### What the exercise asks
Below is a listing to write out in full, exactly as given, without its pictures.

### Dataset content
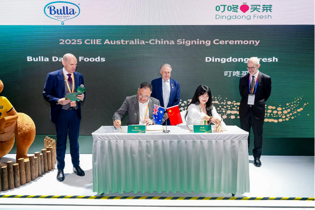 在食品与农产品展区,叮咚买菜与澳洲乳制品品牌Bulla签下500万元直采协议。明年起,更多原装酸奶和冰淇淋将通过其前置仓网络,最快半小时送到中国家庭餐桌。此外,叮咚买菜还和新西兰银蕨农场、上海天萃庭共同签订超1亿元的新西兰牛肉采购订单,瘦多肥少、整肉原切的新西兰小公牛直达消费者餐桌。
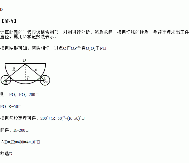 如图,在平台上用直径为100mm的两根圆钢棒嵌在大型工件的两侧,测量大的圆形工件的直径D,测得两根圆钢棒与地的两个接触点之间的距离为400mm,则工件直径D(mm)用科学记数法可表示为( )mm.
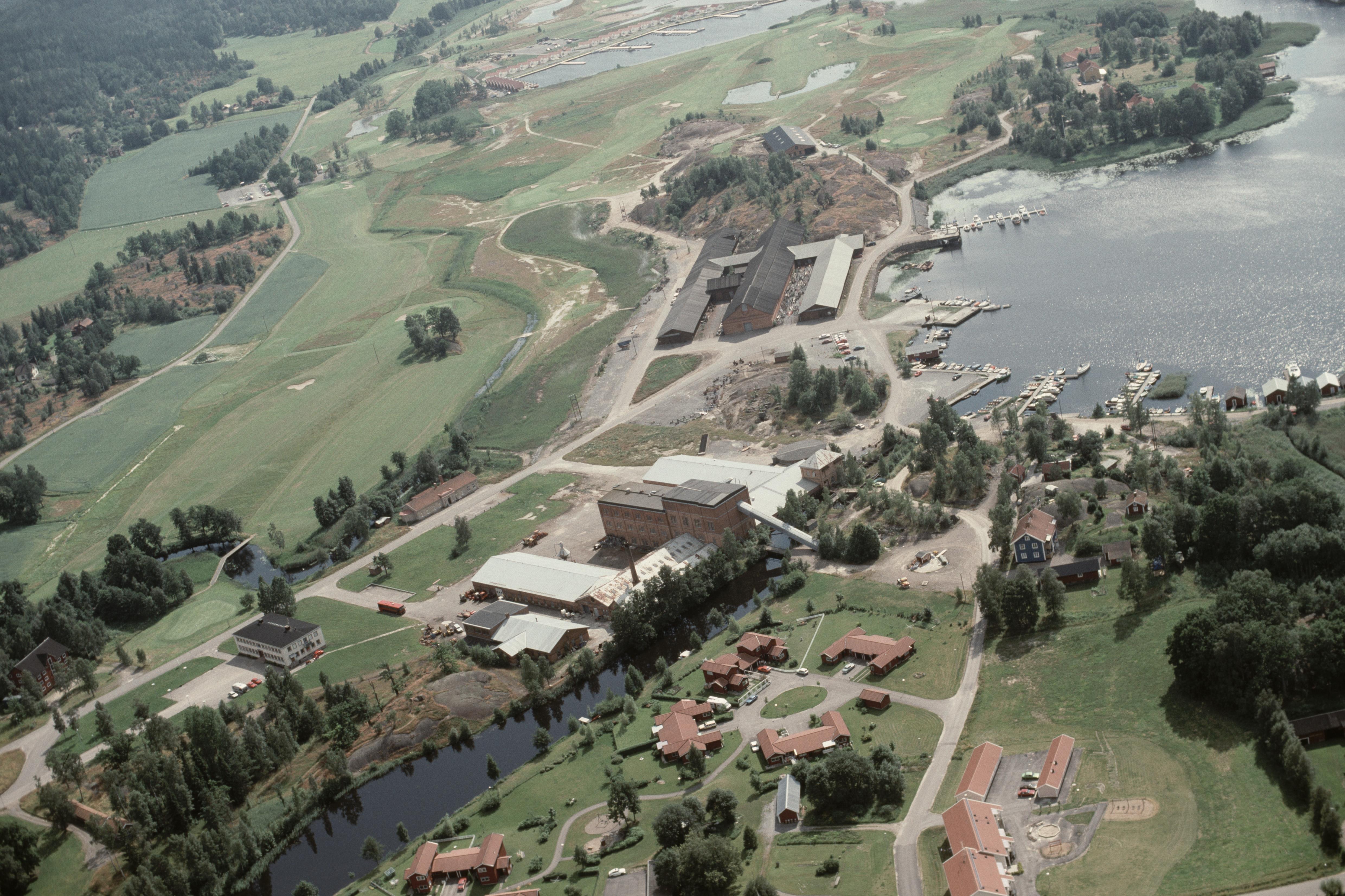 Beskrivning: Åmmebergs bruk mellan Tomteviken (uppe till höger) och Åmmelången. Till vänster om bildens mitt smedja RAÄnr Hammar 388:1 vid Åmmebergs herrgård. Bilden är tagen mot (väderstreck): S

### Solved problem
 在食品与农产品展区,叮咚买菜与澳洲乳制品品牌Bulla签下500万元直采协议。明年起,更多原装酸奶和冰淇淋将通过其前置仓网络,最快半小时送到中国家庭餐桌。此外,叮咚买菜还和新西兰银蕨农场、上海天萃庭共同签订超1亿元的新西兰牛肉采购订单,瘦多肥少、整肉原切的新西兰小公牛直达消费者餐桌。
 如图,在平台上用直径为100mm的两根圆钢棒嵌在大型工件的两侧,测量大的圆形工件的直径D,测得两根圆钢棒与地的两个接触点之间的距离为400mm,则工件直径D(mm)用科学记数法可表示为( )mm.
 Beskrivning: Åmmebergs bruk mellan Tomteviken (uppe till höger) och Åmmelången. Till vänster om bildens mitt smedja RAÄnr Hammar 388:1 vid Åmmebergs herrgård. Bilden är tagen mot (väderstreck): S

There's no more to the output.